**What is being asked:** Images appear in the records below; leave them out and repeat everything else exactly.

----

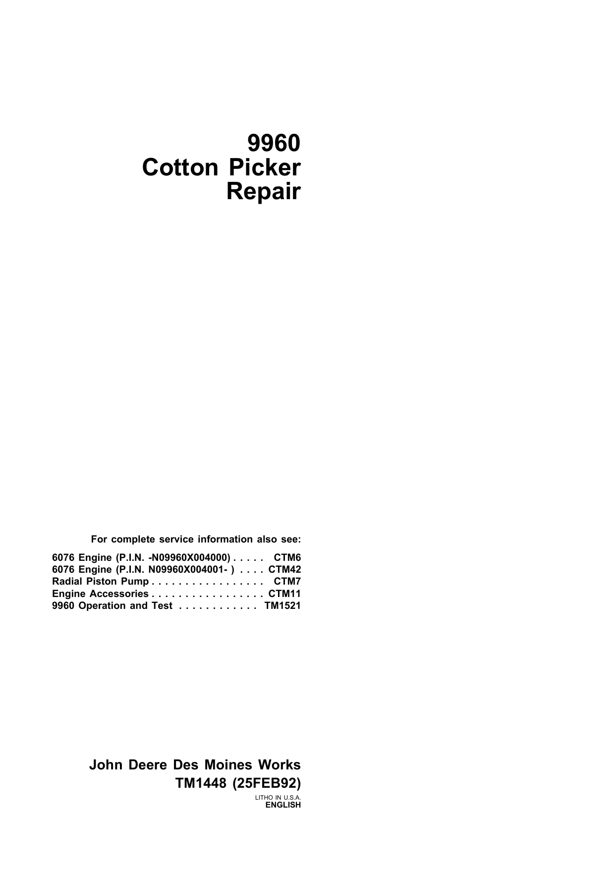 Instant download John Deere 9960 Cotton Picker Service Repair Manual!
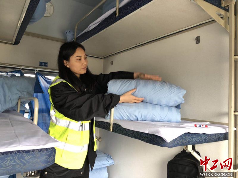 图为梁子薇正在车厢整理被子
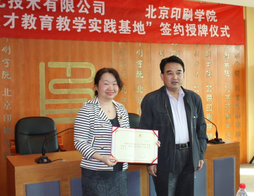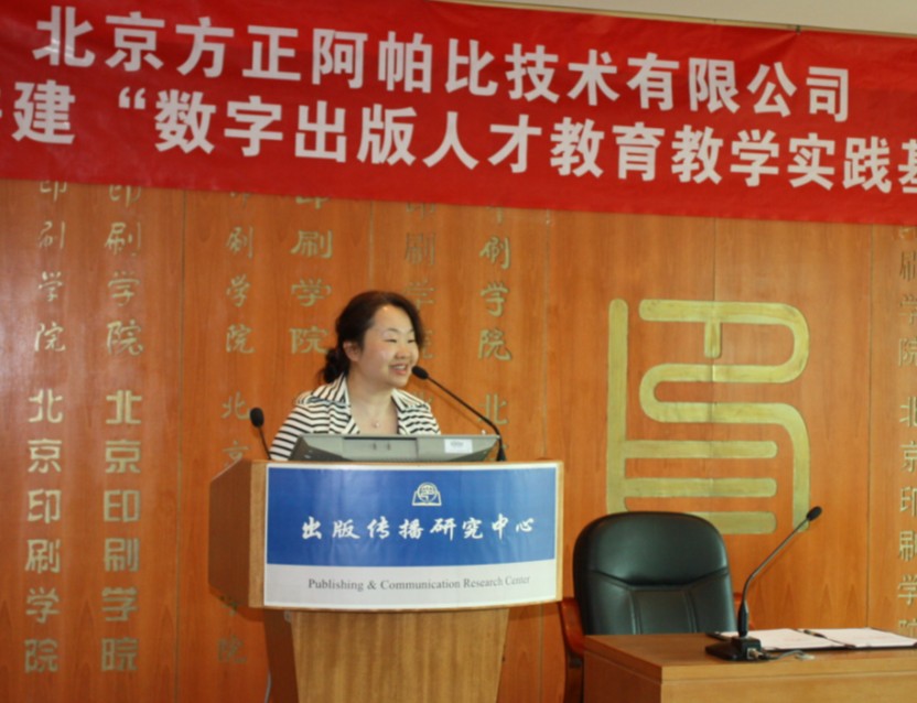 10月16日,北京印刷學(xué)院聘任方正阿帕比總經(jīng)理赫思佳女士為北京印刷學(xué)院兼職教授,副校長(cháng)王關(guān)義為赫思佳女士頒發(fā)兼職教授聘書(shū)。同時(shí),方正阿帕比還與北京印刷學(xué)院共建了數字出版人才基地,以期共同培養數字出版人才。
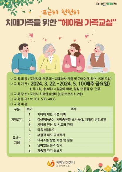 [한국뉴스타임=편집국] 포천시 치매안심센터는 오는 3월 15일까지 ‘헤아림 가족교실’ 프로그램 참여자를 모집한다.
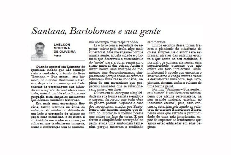 uando aportei em Santana do Ipanema, cidade que não conheço – eis a verdade -, a bordo do livro “Santana – Sua gente… seu humor”, do escritor Bartolomeu Barros, deparei com uma quantidade enorme de personagens que difundiram o segredo da verdadeira humildade e bucólica congregação feita daqueles momentos que deixam saudades fraternas.
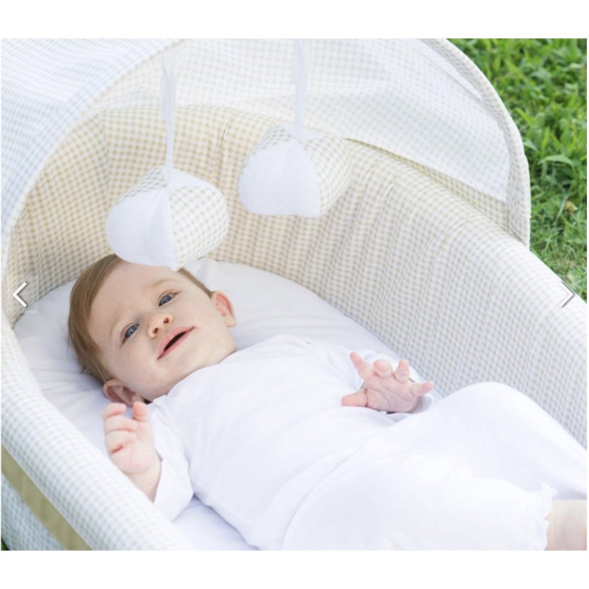 🔹 Bao gồm: Bộ sản phẩm bao gồm 1 giường ( Nôi ), mái che, màn lưới, bộ 3 xúc xắc đồ chơi treo, tấm đệm êm.
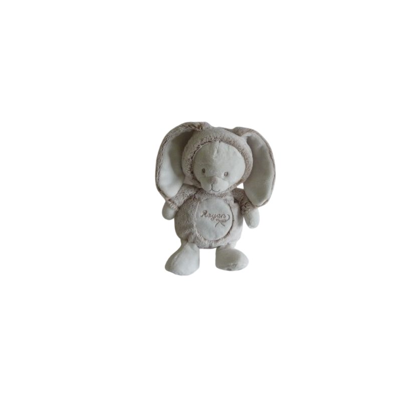 Doudou peluche ours déguisé en lapin 27 cm environ, blanc marron chiné, ATTENTION ROYAN BRODE. Etat : Comme neuf (Royan Brodé)Destinataire :

----

**Task answer:**
 Instant download John Deere 9960 Cotton Picker Service Repair Manual!
 图为梁子薇正在车厢整理被子
 10月16日,北京印刷學(xué)院聘任方正阿帕比總經(jīng)理赫思佳女士為北京印刷學(xué)院兼職教授,副校長(cháng)王關(guān)義為赫思佳女士頒發(fā)兼職教授聘書(shū)。同時(shí),方正阿帕比還與北京印刷學(xué)院共建了數字出版人才基地,以期共同培養數字出版人才。
 [한국뉴스타임=편집국] 포천시 치매안심센터는 오는 3월 15일까지 ‘헤아림 가족교실’ 프로그램 참여자를 모집한다.
 uando aportei em Santana do Ipanema, cidade que não conheço – eis a verdade -, a bordo do livro “Santana – Sua gente… seu humor”, do escritor Bartolomeu Barros, deparei com uma quantidade enorme de personagens que difundiram o segredo da verdadeira humildade e bucólica congregação feita daqueles momentos que deixam saudades fraternas.
 🔹 Bao gồm: Bộ sản phẩm bao gồm 1 giường ( Nôi ), mái che, màn lưới, bộ 3 xúc xắc đồ chơi treo, tấm đệm êm.
 Doudou peluche ours déguisé en lapin 27 cm environ, blanc marron chiné, ATTENTION ROYAN BRODE. Etat : Comme neuf (Royan Brodé)Destinataire :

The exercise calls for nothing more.